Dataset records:
=== Begin Enclosure ===

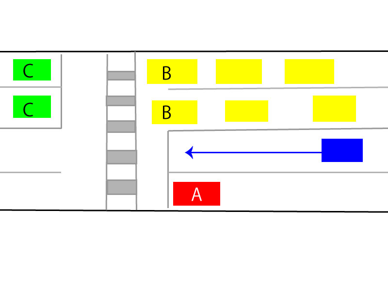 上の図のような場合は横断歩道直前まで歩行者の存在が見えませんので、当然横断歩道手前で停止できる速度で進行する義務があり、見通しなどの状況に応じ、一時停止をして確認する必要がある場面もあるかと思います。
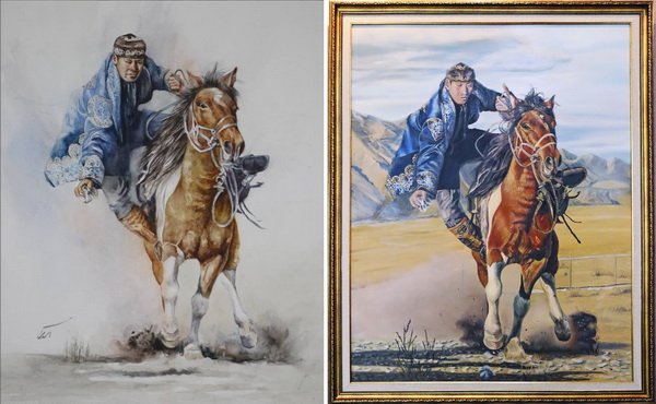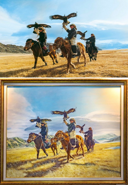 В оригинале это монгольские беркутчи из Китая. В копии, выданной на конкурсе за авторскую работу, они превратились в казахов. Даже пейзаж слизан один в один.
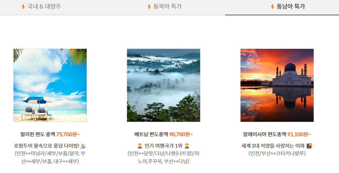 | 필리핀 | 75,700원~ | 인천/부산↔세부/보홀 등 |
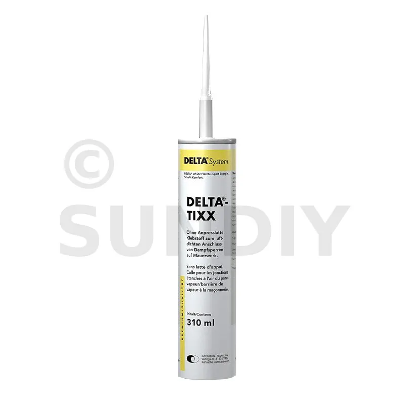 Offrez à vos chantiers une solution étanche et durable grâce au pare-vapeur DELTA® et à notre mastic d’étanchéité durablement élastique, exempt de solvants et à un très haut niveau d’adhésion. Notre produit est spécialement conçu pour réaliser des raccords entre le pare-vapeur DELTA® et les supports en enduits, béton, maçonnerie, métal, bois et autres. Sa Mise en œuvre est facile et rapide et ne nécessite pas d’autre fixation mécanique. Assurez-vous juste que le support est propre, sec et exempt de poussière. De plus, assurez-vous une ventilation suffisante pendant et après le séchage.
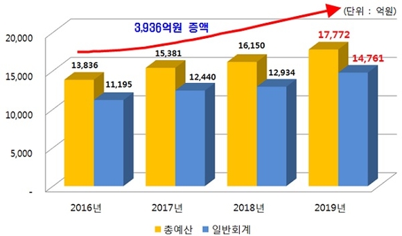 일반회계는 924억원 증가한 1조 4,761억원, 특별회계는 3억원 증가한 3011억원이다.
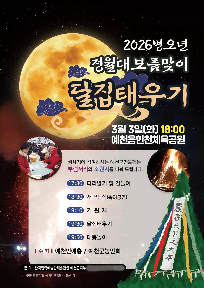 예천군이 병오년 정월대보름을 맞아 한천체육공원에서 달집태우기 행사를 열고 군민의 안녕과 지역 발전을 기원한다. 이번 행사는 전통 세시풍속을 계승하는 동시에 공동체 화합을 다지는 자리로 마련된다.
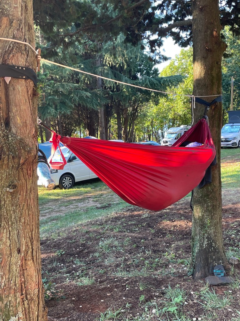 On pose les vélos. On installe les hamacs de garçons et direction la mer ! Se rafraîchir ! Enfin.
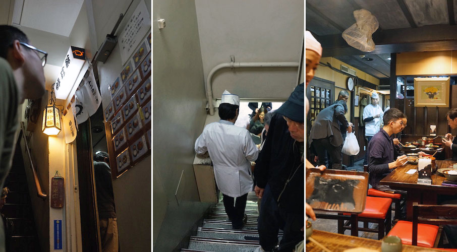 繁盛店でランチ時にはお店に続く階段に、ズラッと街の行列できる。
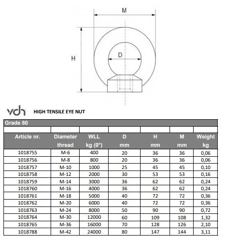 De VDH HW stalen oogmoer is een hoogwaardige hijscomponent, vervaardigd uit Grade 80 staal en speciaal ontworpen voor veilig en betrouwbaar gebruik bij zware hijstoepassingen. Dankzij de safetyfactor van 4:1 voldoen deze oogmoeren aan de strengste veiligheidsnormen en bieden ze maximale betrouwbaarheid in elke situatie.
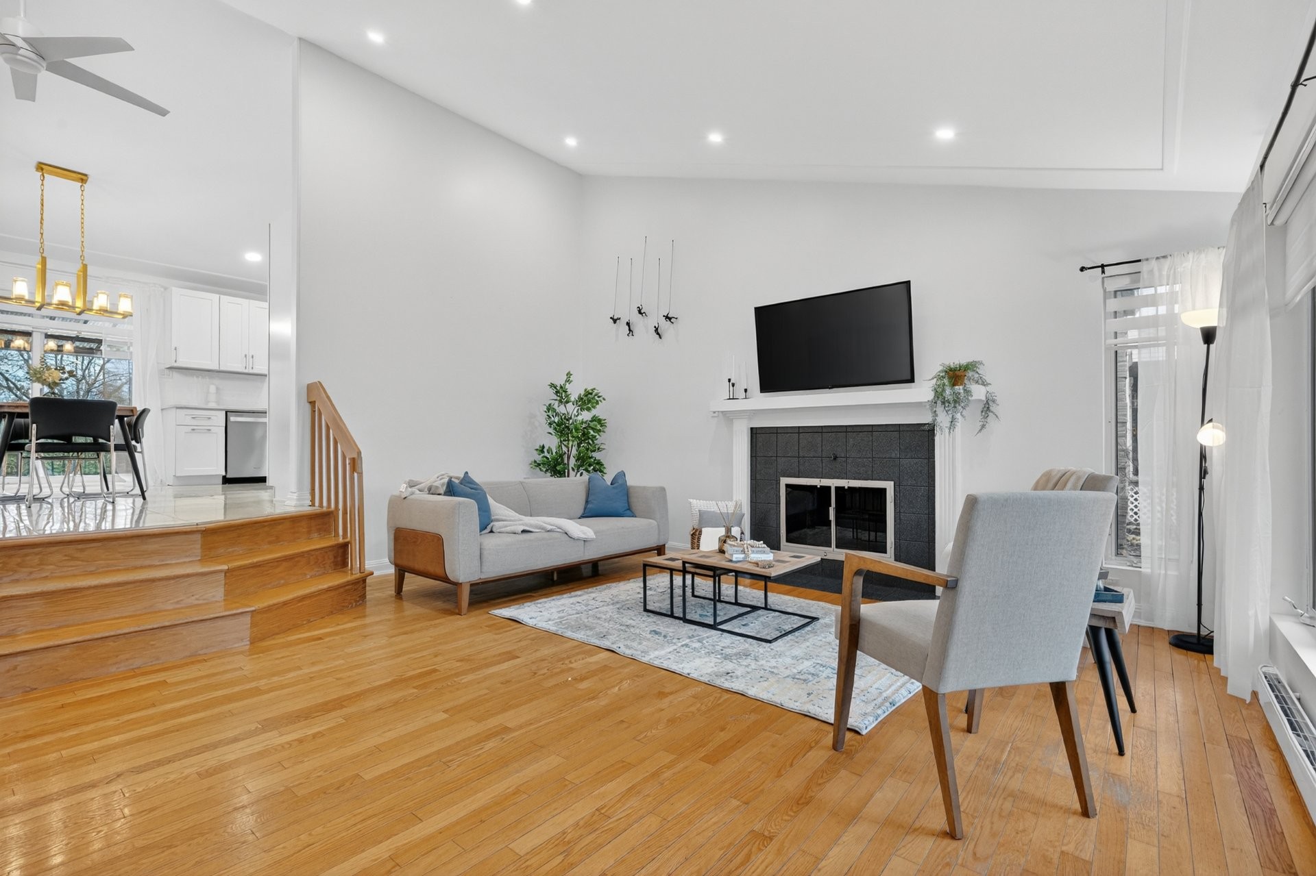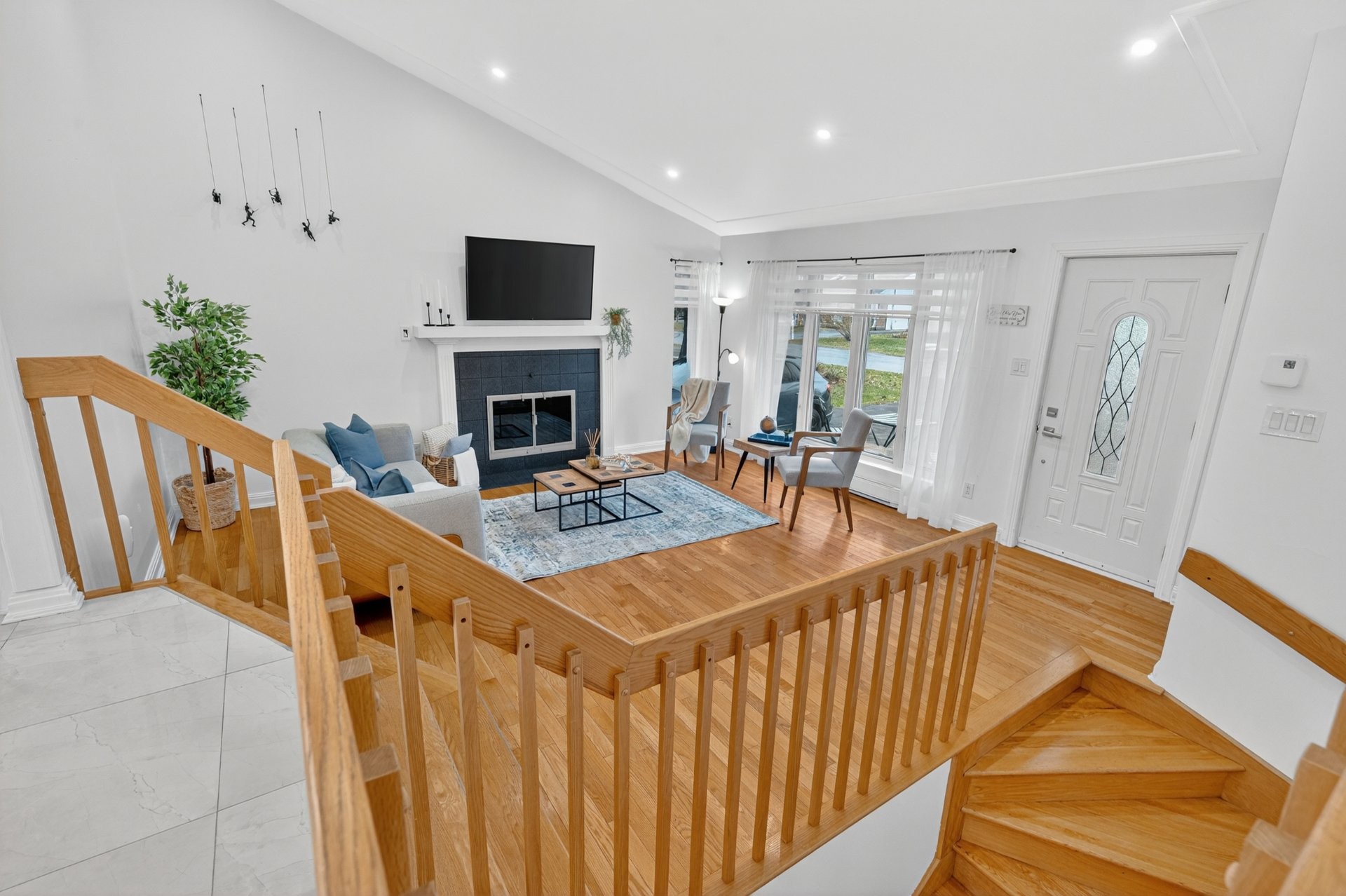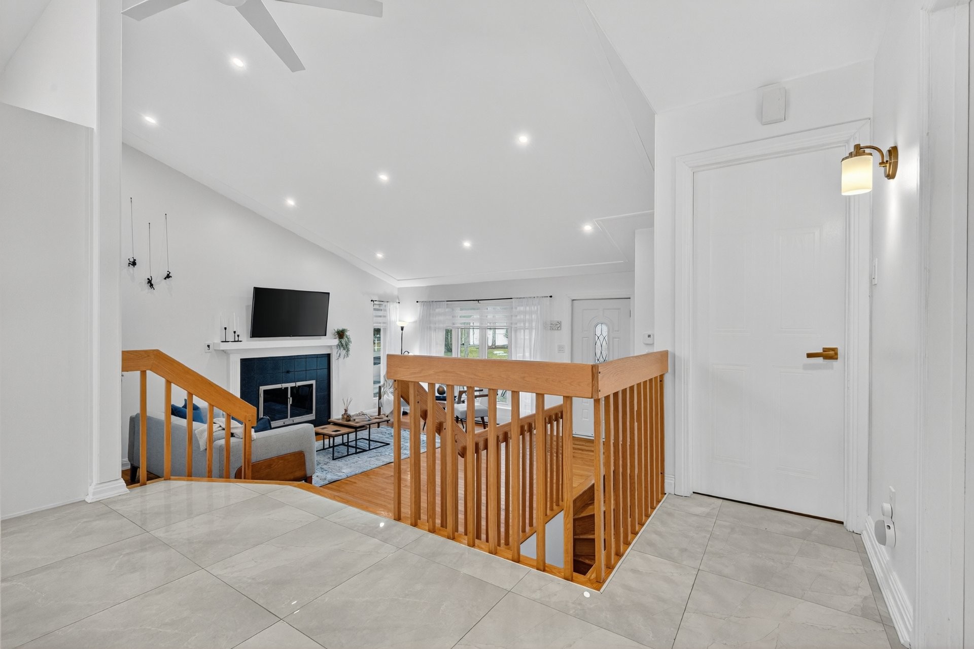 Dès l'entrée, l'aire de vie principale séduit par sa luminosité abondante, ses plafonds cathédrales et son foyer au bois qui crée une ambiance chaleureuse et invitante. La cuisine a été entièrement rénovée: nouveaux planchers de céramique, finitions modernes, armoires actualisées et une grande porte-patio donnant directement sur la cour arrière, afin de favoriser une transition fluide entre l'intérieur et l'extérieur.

=== End Enclosure ===

Word for word, repeat all of the entries above, leaving out the pictures.

→ OUTPUT OF THE EXERCISE
 上の図のような場合は横断歩道直前まで歩行者の存在が見えませんので、当然横断歩道手前で停止できる速度で進行する義務があり、見通しなどの状況に応じ、一時停止をして確認する必要がある場面もあるかと思います。
 В оригинале это монгольские беркутчи из Китая. В копии, выданной на конкурсе за авторскую работу, они превратились в казахов. Даже пейзаж слизан один в один.
 | 필리핀 | 75,700원~ | 인천/부산↔세부/보홀 등 |
 Offrez à vos chantiers une solution étanche et durable grâce au pare-vapeur DELTA® et à notre mastic d’étanchéité durablement élastique, exempt de solvants et à un très haut niveau d’adhésion. Notre produit est spécialement conçu pour réaliser des raccords entre le pare-vapeur DELTA® et les supports en enduits, béton, maçonnerie, métal, bois et autres. Sa Mise en œuvre est facile et rapide et ne nécessite pas d’autre fixation mécanique. Assurez-vous juste que le support est propre, sec et exempt de poussière. De plus, assurez-vous une ventilation suffisante pendant et après le séchage.
 일반회계는 924억원 증가한 1조 4,761억원, 특별회계는 3억원 증가한 3011억원이다.
 예천군이 병오년 정월대보름을 맞아 한천체육공원에서 달집태우기 행사를 열고 군민의 안녕과 지역 발전을 기원한다. 이번 행사는 전통 세시풍속을 계승하는 동시에 공동체 화합을 다지는 자리로 마련된다.
 On pose les vélos. On installe les hamacs de garçons et direction la mer ! Se rafraîchir ! Enfin.
 繁盛店でランチ時にはお店に続く階段に、ズラッと街の行列できる。
 De VDH HW stalen oogmoer is een hoogwaardige hijscomponent, vervaardigd uit Grade 80 staal en speciaal ontworpen voor veilig en betrouwbaar gebruik bij zware hijstoepassingen. Dankzij de safetyfactor van 4:1 voldoen deze oogmoeren aan de strengste veiligheidsnormen en bieden ze maximale betrouwbaarheid in elke situatie.
 Dès l'entrée, l'aire de vie principale séduit par sa luminosité abondante, ses plafonds cathédrales et son foyer au bois qui crée une ambiance chaleureuse et invitante. La cuisine a été entièrement rénovée: nouveaux planchers de céramique, finitions modernes, armoires actualisées et une grande porte-patio donnant directement sur la cour arrière, afin de favoriser une transition fluide entre l'intérieur et l'extérieur.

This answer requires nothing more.